<<<<
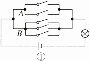 图中按要求接通电路灯泡亮,只要在A中的两个开关或B中的三个开关中合上一个即可,按照分类加法计数原理,共有2+3=5(种)不同的方法.
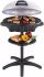 In Grillplatte integriertes Heizelement, stufenloser Temperaturregler, Antihaftbeschichtung, Fettauffangschale, abnehmbarer Deckel mit Halterung, Warmhalte- und Ablagerost, Kontrolllampe, abnehmbarer Standfuß, wärmeisolierte Griffe, abnehmbare Zuleitung, zerlegbar, 2000-2400 W, Gewicht: 8,5 kg
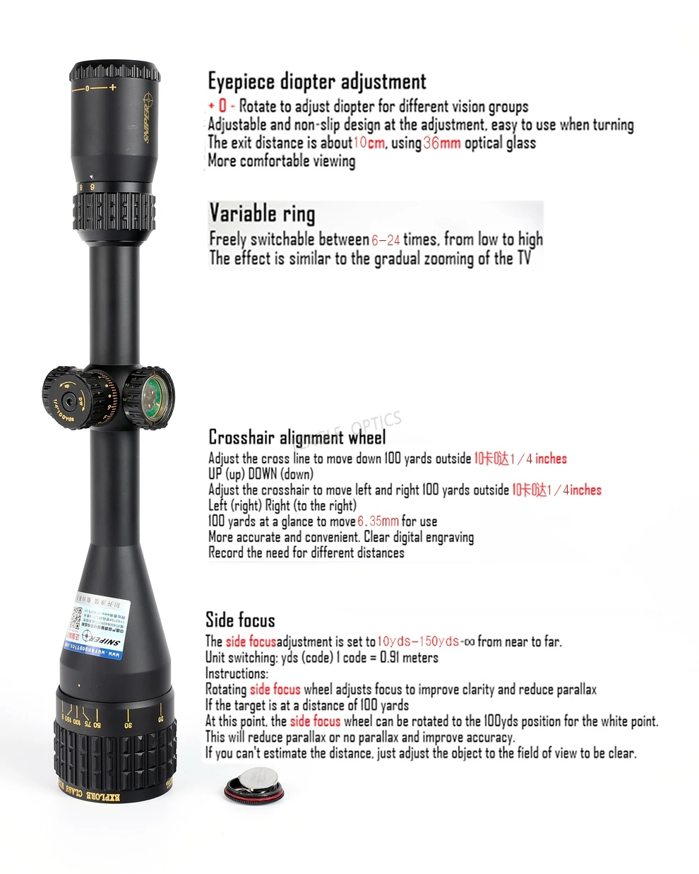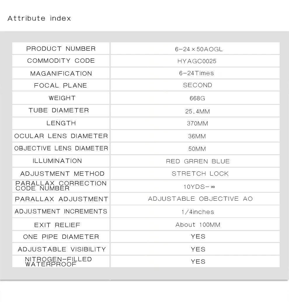Увеличение: 6X-24X Объектив (мм):50 Вес (г):670 Длина (мм):370 с солнцезащитным козырьком 446 мм Цельная трубка: Да Рельеф глаз (дюйм): 3,1-3,3 Диаметр трубки (мм/дюйм): 25,4/1 Поле зрения (ft @ 100yds) 16,1 ' - 4' Значение нажатия: 1/4 Parallax Настройка: от 10 до Inf
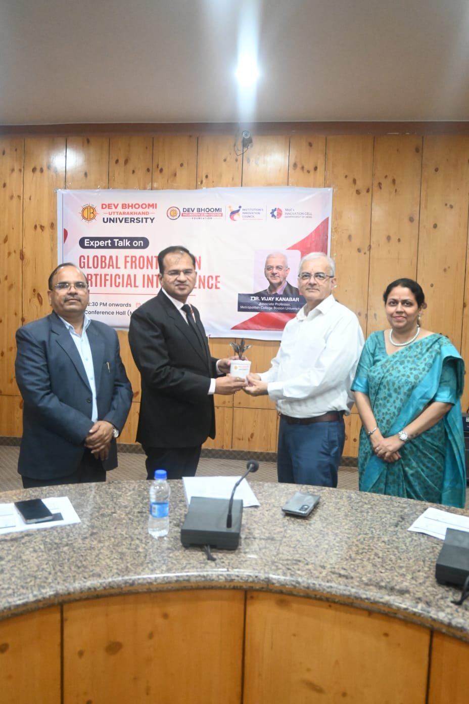 देवभूमि उत्तराखंड विश्वविद्यालय, देहरादून में 10 मार्च 2026 को “ग्लोबल फ्रंटियर्स इन आर्टिफिशियल इंटेलिजेंस” विषय पर एक महत्वपूर्ण विशेषज्ञ व्याख्यान (Expert Talk) का आयोजन किया गया। इस कार्यक्रम का उद्देश्य शिक्षकों और विद्यार्थियों को आर्टिफिशियल इंटेलिजेंस के वैश्विक परिदृश्य, नवीनतम संभावनाओं तथा शिक्षा क्षेत्र में इसके प्रभावी उपयोग के बारे में जागरूक करना था। कार्यक्रम में मुख्य वक्ता के रूप में अमेरिका के बोस्टन स्थित मेट्रोपॉलिटन कॉलेज, बोस्टन यूनिवर्सिटी के एसोसिएट प्रोफेसर श्री विजय कनाबर ने अपने अनुभवों से सभी को रूबरू कराया।
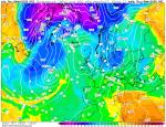 V Alžírsku je také extrémě podprůměrná teplota v 850 hPa, na severu odchylka od normálu až -12 °C. Důvodem je níže ne Středomoří. Mimochodem tlaková níže ve Středomoří tam přinese srážky a bouřky.
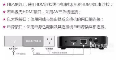 机顶盒连接方法如下图,首先找到包装盒中的HDMI线和机顶盒背后的HDMI插孔,与电视机相应的数据源接口相连,找到机顶盒后的电源接口,链接电源,按下机顶盒电源按键。
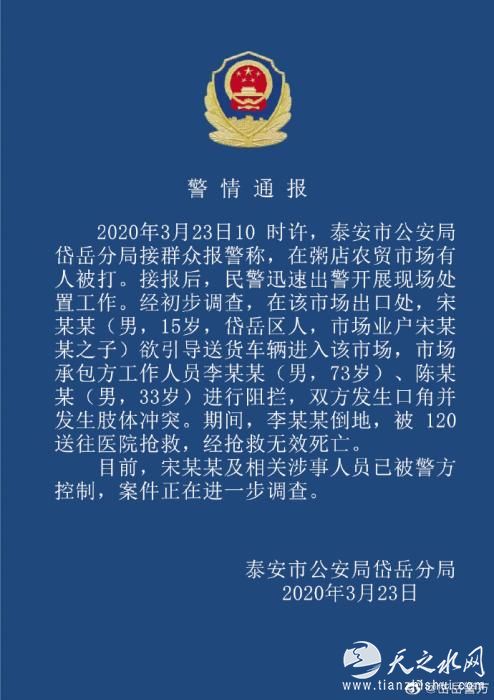 通报指出,3月23日10时许,泰安市公安局岱岳分局接群众报警称,在粥店农贸市场有人被打。
>>>>
■ **Work task**
Restate the records above in full and word for word, but do not carry over any pictures.

■ **Answer to this task**
 图中按要求接通电路灯泡亮,只要在A中的两个开关或B中的三个开关中合上一个即可,按照分类加法计数原理,共有2+3=5(种)不同的方法.
 In Grillplatte integriertes Heizelement, stufenloser Temperaturregler, Antihaftbeschichtung, Fettauffangschale, abnehmbarer Deckel mit Halterung, Warmhalte- und Ablagerost, Kontrolllampe, abnehmbarer Standfuß, wärmeisolierte Griffe, abnehmbare Zuleitung, zerlegbar, 2000-2400 W, Gewicht: 8,5 kg
Увеличение: 6X-24X Объектив (мм):50 Вес (г):670 Длина (мм):370 с солнцезащитным козырьком 446 мм Цельная трубка: Да Рельеф глаз (дюйм): 3,1-3,3 Диаметр трубки (мм/дюйм): 25,4/1 Поле зрения (ft @ 100yds) 16,1 ' - 4' Значение нажатия: 1/4 Parallax Настройка: от 10 до Inf
 देवभूमि उत्तराखंड विश्वविद्यालय, देहरादून में 10 मार्च 2026 को “ग्लोबल फ्रंटियर्स इन आर्टिफिशियल इंटेलिजेंस” विषय पर एक महत्वपूर्ण विशेषज्ञ व्याख्यान (Expert Talk) का आयोजन किया गया। इस कार्यक्रम का उद्देश्य शिक्षकों और विद्यार्थियों को आर्टिफिशियल इंटेलिजेंस के वैश्विक परिदृश्य, नवीनतम संभावनाओं तथा शिक्षा क्षेत्र में इसके प्रभावी उपयोग के बारे में जागरूक करना था। कार्यक्रम में मुख्य वक्ता के रूप में अमेरिका के बोस्टन स्थित मेट्रोपॉलिटन कॉलेज, बोस्टन यूनिवर्सिटी के एसोसिएट प्रोफेसर श्री विजय कनाबर ने अपने अनुभवों से सभी को रूबरू कराया।
 V Alžírsku je také extrémě podprůměrná teplota v 850 hPa, na severu odchylka od normálu až -12 °C. Důvodem je níže ne Středomoří. Mimochodem tlaková níže ve Středomoří tam přinese srážky a bouřky.
 机顶盒连接方法如下图,首先找到包装盒中的HDMI线和机顶盒背后的HDMI插孔,与电视机相应的数据源接口相连,找到机顶盒后的电源接口,链接电源,按下机顶盒电源按键。
 通报指出,3月23日10时许,泰安市公安局岱岳分局接群众报警称,在粥店农贸市场有人被打。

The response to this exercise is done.